═════ THE RECORDS ═════
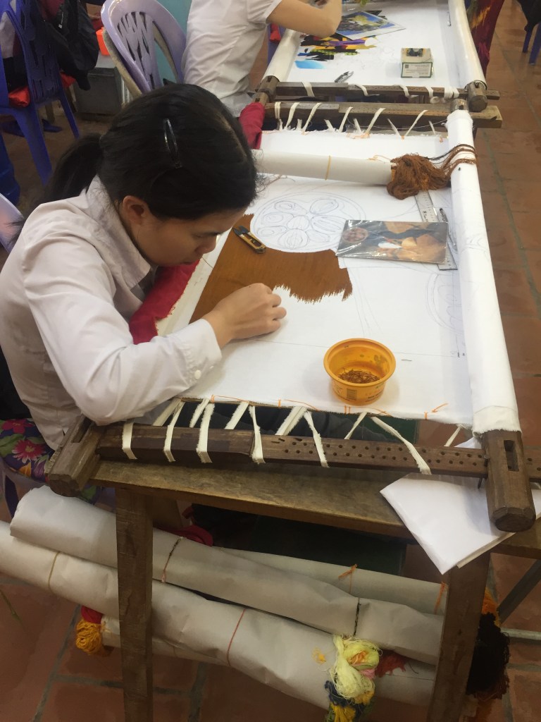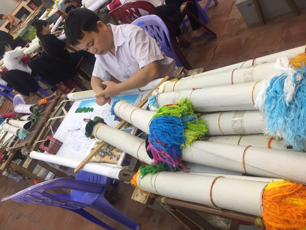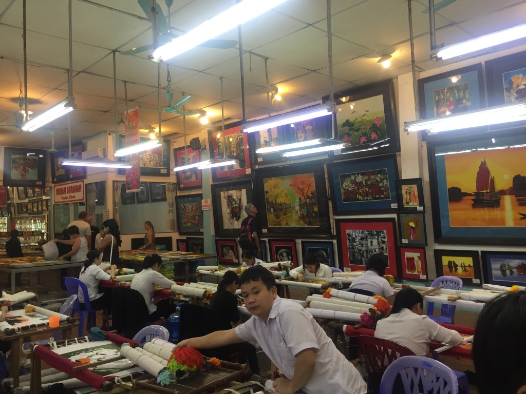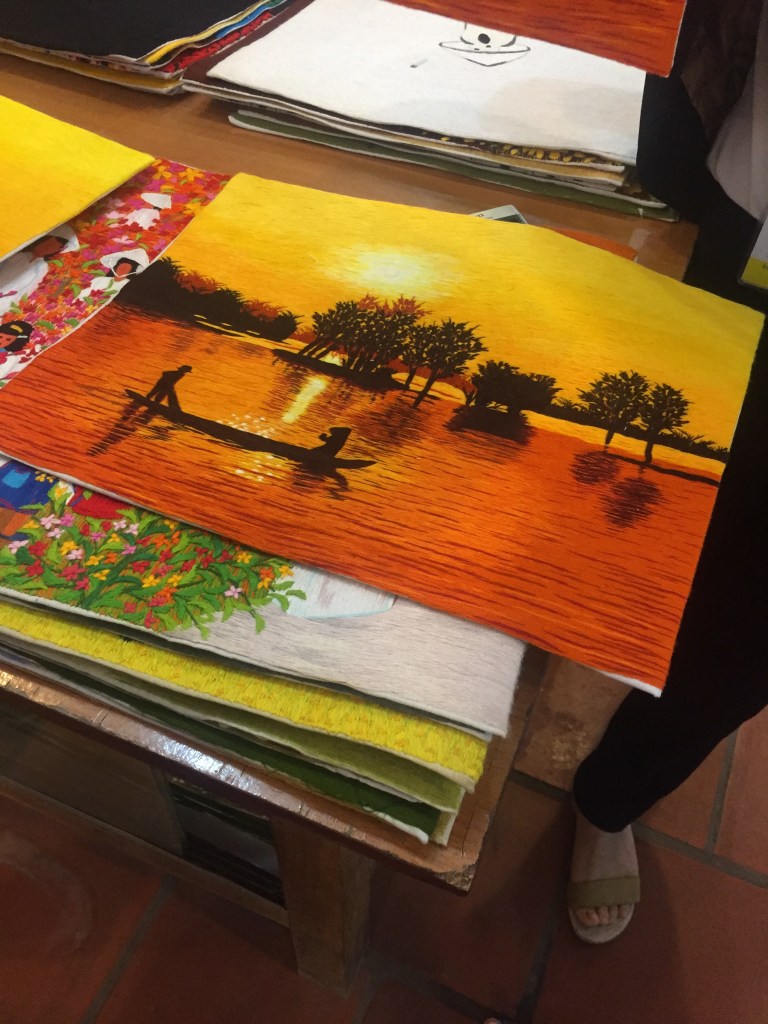 We took a four-hour drive to Hạ Long Bay and had a short break at a service stop en route, where we were shown a really wonderful centre which opened in 1996 and is a place for people with disabilities to display and sell their artwork. We saw tapestries, embroideries, sculptures, jewellery and more. The art was absolutely stunning.
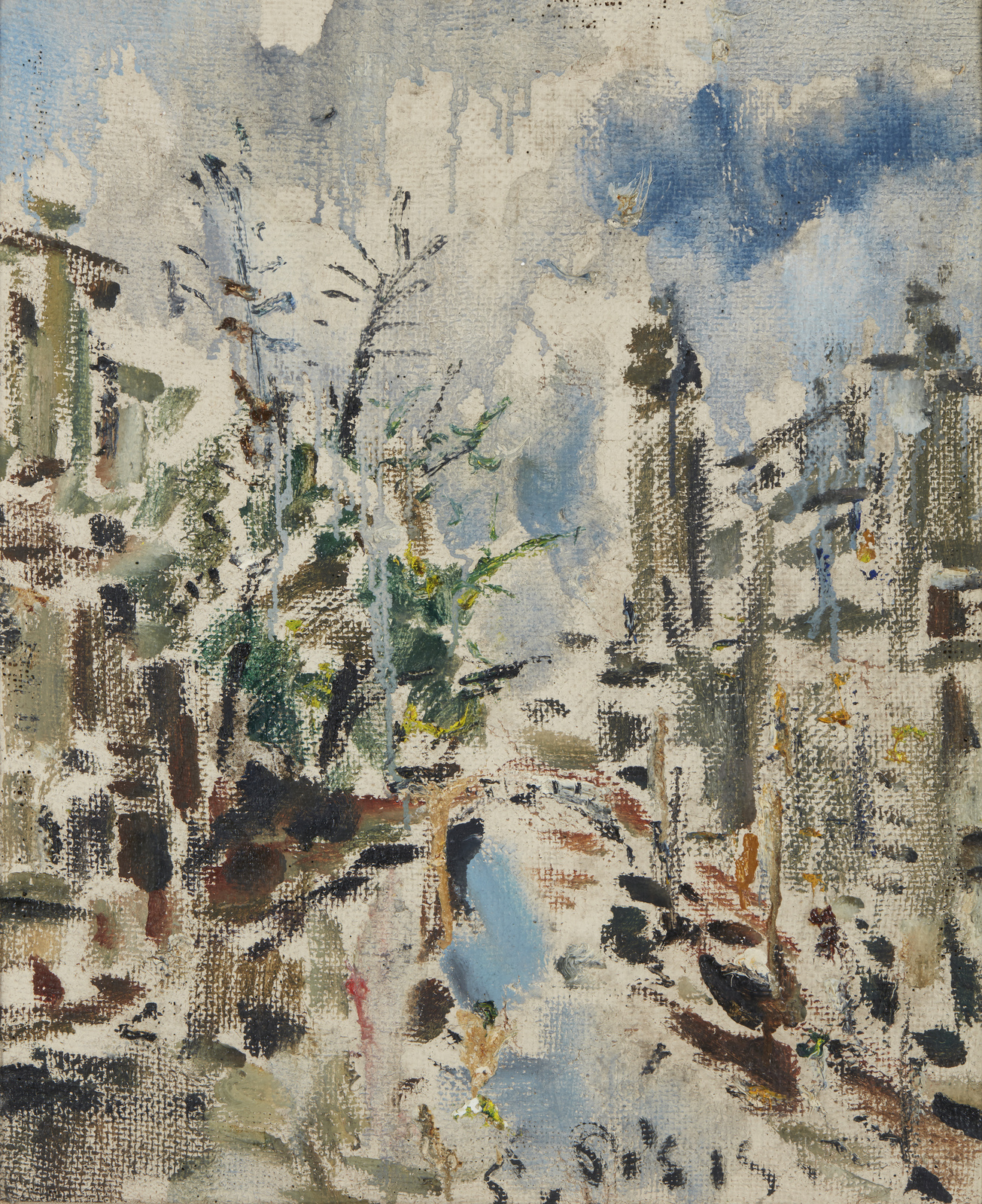 DE PISIS FILIPPO (1896 - 1956) Canale di Venezia. Olio su tela . Cm 53,50 x 63,50. Firma in basso a destra. Al retro etichetta e timbri Galleria d'arte Pinacoteca, Roma. Opera archiviata presso l'Associazione per il Patrocinio delle opere di Filippo De Pisis, come da documentazione fotografica allegata all'opera riportante il relativo numero d'inventario. Lievi difetti. Cornice presente
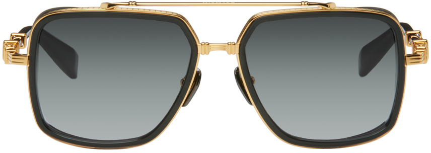 Aviator-style acetate- and metal-frame sunglasses in black and gold-tone. · Gray lenses · Logo etched at top and temple tip · Adjustable metal nose pads · Hardside case included · Size: 58.18 140 Supplier color: Black
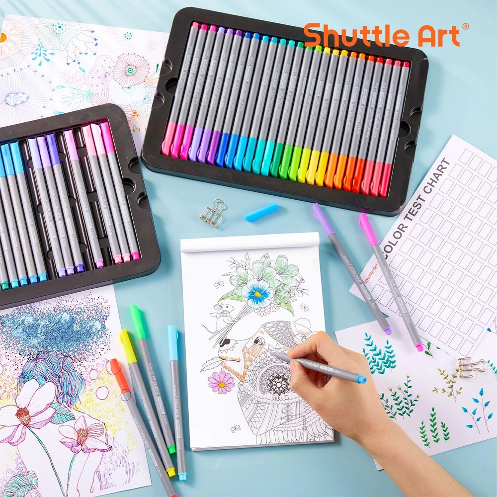 Shuttle Art Fineliner Colored Pens, 100 Colors 0.4mm Fine Point Pens with 8 Stencils & 2 Adult Coloring Books for Coloring, Drawing, Detailing, Writing Note Taking Calendar and Journal Art Projects THE GREAT FINELINER SET AVAILABLE: Shuttle Art Fineliner pack contains 100 unique, brilliant and gorgeous colors with 8 stencils and 2 adult coloring books making it the great set available on Amazon. Fineliner Pen have a 0.4mm extra fine fiber tip and great for sketching, card making, scrap booking, journaling and coloring. COMFORTABLE TO USE: Durable metal-clad tip and ergonomically round shaped barrel makes for a more comfortable grip. Artist quality ink is water-based, fast drying, odorless and blendable without bleeding. It’s safe as well, non-toxic. AMAZING CONVENIENT BOX PACKAGE: Fineliner Pens are organized in 4 individual black trays and stored in an exquisite cardboard box making them convenient to use and portable. Our Fineliner Pen Set is perfect for gift giving. BONUS COLORING BOOKS AND STENCILS: Includes a adult coloring book with stress relieving designs animals, flowers, paisley patterns and so much more. A DIY coloring book to locate colors for your project and free your art creation. 8 Different Stencils help to transform your boring pages into beautiful surprise SERVICE GUARANTEE: Your satisfaction is our top priority, please rest assured to purchase our products. If you are not satisfied with our products or have any questions, please feel free to contact us at any time.
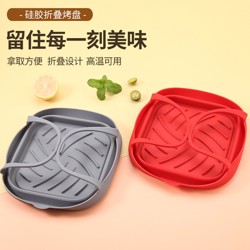 折叠硅胶烤盘空气炸锅内胆烤锅烘焙模具烤箱专用圆形食品级硅胶盘
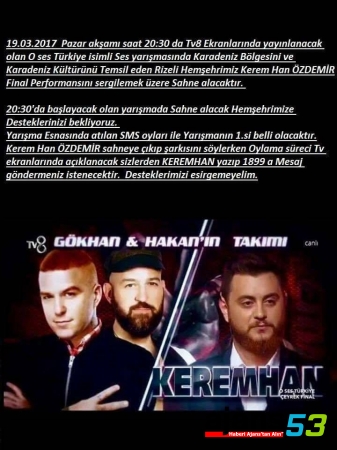 Yarı finalde "Boztepe" isimli türküyü okuyan Kerem Han yine büyük beğeni topladı ve SMS oylamasında finale kalmayı başardı. Böylelikle Kerem Han yarışmadaki tek Karadenizli yarışmacı olma ünvanını sürdürdü..
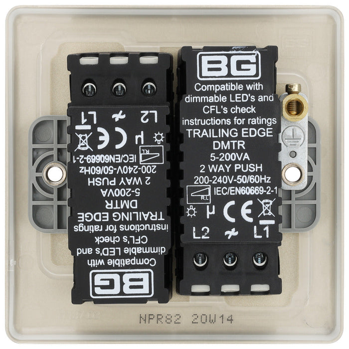 BG NPR82 Nexus Metal 2-Way Double Trailing Edge Dimmer Push On/Off - Pearl Nickel
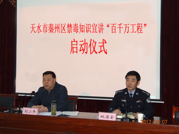 啟動(dòng)儀式上,劉小平在作動(dòng)員講話中指出,禁毒知識(shí)宣講“百千萬工程”是按照中央、省、市禁毒工作要求,將禁毒預(yù)防教育工作納入干部培訓(xùn)計(jì)劃和青少年教育、重點(diǎn)高危人群教育、全民普及教育的一項(xiàng)重要的民心工程,對(duì)于提高全民特別是廣大黨員干部、青少年的禁毒知識(shí)水平,加強(qiáng)禁毒宣傳教育,將禁毒預(yù)防教育工作落到實(shí)處起到積極的推動(dòng)作用,對(duì)組織好、發(fā)動(dòng)好群眾參與禁毒斗爭的熱情,切實(shí)筑牢禁毒防火墻,在全區(qū)掀起禁毒人民戰(zhàn)爭新高潮具有十分重要的意義。各有關(guān)單位要按照《秦州區(qū)百名領(lǐng)導(dǎo)宣講禁毒知識(shí)活動(dòng)方案》要求,切實(shí)把毒品預(yù)防教育作為解決毒品問題的治本之策,充分發(fā)動(dòng)禁毒委各級(jí)領(lǐng)導(dǎo)、基層干部、民警、專家學(xué)者到學(xué)校和公共娛樂場(chǎng)所授課,在授課活動(dòng)的廣度、深度和難點(diǎn)問題上下功夫,始終把青少年教育、重點(diǎn)高危人群教育、全民普及教育做為授課活動(dòng)的出發(fā)點(diǎn)和落腳點(diǎn),把在學(xué)校授課和公共復(fù)雜場(chǎng)所宣傳有機(jī)結(jié)合起來,循序漸進(jìn),不斷改進(jìn)授課方式,實(shí)現(xiàn)我區(qū)禁毒宣傳教育工作的跨越式提升。
═════
_ABOUT THIS TASK_. Output the whole listing without change. Any picture is to be left out.

_TASK RESPONSE_.
 We took a four-hour drive to Hạ Long Bay and had a short break at a service stop en route, where we were shown a really wonderful centre which opened in 1996 and is a place for people with disabilities to display and sell their artwork. We saw tapestries, embroideries, sculptures, jewellery and more. The art was absolutely stunning.
 DE PISIS FILIPPO (1896 - 1956) Canale di Venezia. Olio su tela . Cm 53,50 x 63,50. Firma in basso a destra. Al retro etichetta e timbri Galleria d'arte Pinacoteca, Roma. Opera archiviata presso l'Associazione per il Patrocinio delle opere di Filippo De Pisis, come da documentazione fotografica allegata all'opera riportante il relativo numero d'inventario. Lievi difetti. Cornice presente
 Aviator-style acetate- and metal-frame sunglasses in black and gold-tone. · Gray lenses · Logo etched at top and temple tip · Adjustable metal nose pads · Hardside case included · Size: 58.18 140 Supplier color: Black
 Shuttle Art Fineliner Colored Pens, 100 Colors 0.4mm Fine Point Pens with 8 Stencils & 2 Adult Coloring Books for Coloring, Drawing, Detailing, Writing Note Taking Calendar and Journal Art Projects THE GREAT FINELINER SET AVAILABLE: Shuttle Art Fineliner pack contains 100 unique, brilliant and gorgeous colors with 8 stencils and 2 adult coloring books making it the great set available on Amazon. Fineliner Pen have a 0.4mm extra fine fiber tip and great for sketching, card making, scrap booking, journaling and coloring. COMFORTABLE TO USE: Durable metal-clad tip and ergonomically round shaped barrel makes for a more comfortable grip. Artist quality ink is water-based, fast drying, odorless and blendable without bleeding. It’s safe as well, non-toxic. AMAZING CONVENIENT BOX PACKAGE: Fineliner Pens are organized in 4 individual black trays and stored in an exquisite cardboard box making them convenient to use and portable. Our Fineliner Pen Set is perfect for gift giving. BONUS COLORING BOOKS AND STENCILS: Includes a adult coloring book with stress relieving designs animals, flowers, paisley patterns and so much more. A DIY coloring book to locate colors for your project and free your art creation. 8 Different Stencils help to transform your boring pages into beautiful surprise SERVICE GUARANTEE: Your satisfaction is our top priority, please rest assured to purchase our products. If you are not satisfied with our products or have any questions, please feel free to contact us at any time.
 折叠硅胶烤盘空气炸锅内胆烤锅烘焙模具烤箱专用圆形食品级硅胶盘
 Yarı finalde "Boztepe" isimli türküyü okuyan Kerem Han yine büyük beğeni topladı ve SMS oylamasında finale kalmayı başardı. Böylelikle Kerem Han yarışmadaki tek Karadenizli yarışmacı olma ünvanını sürdürdü..
 BG NPR82 Nexus Metal 2-Way Double Trailing Edge Dimmer Push On/Off - Pearl Nickel
 啟動(dòng)儀式上,劉小平在作動(dòng)員講話中指出,禁毒知識(shí)宣講“百千萬工程”是按照中央、省、市禁毒工作要求,將禁毒預(yù)防教育工作納入干部培訓(xùn)計(jì)劃和青少年教育、重點(diǎn)高危人群教育、全民普及教育的一項(xiàng)重要的民心工程,對(duì)于提高全民特別是廣大黨員干部、青少年的禁毒知識(shí)水平,加強(qiáng)禁毒宣傳教育,將禁毒預(yù)防教育工作落到實(shí)處起到積極的推動(dòng)作用,對(duì)組織好、發(fā)動(dòng)好群眾參與禁毒斗爭的熱情,切實(shí)筑牢禁毒防火墻,在全區(qū)掀起禁毒人民戰(zhàn)爭新高潮具有十分重要的意義。各有關(guān)單位要按照《秦州區(qū)百名領(lǐng)導(dǎo)宣講禁毒知識(shí)活動(dòng)方案》要求,切實(shí)把毒品預(yù)防教育作為解決毒品問題的治本之策,充分發(fā)動(dòng)禁毒委各級(jí)領(lǐng)導(dǎo)、基層干部、民警、專家學(xué)者到學(xué)校和公共娛樂場(chǎng)所授課,在授課活動(dòng)的廣度、深度和難點(diǎn)問題上下功夫,始終把青少年教育、重點(diǎn)高危人群教育、全民普及教育做為授課活動(dòng)的出發(fā)點(diǎn)和落腳點(diǎn),把在學(xué)校授課和公共復(fù)雜場(chǎng)所宣傳有機(jī)結(jié)合起來,循序漸進(jìn),不斷改進(jìn)授課方式,實(shí)現(xiàn)我區(qū)禁毒宣傳教育工作的跨越式提升。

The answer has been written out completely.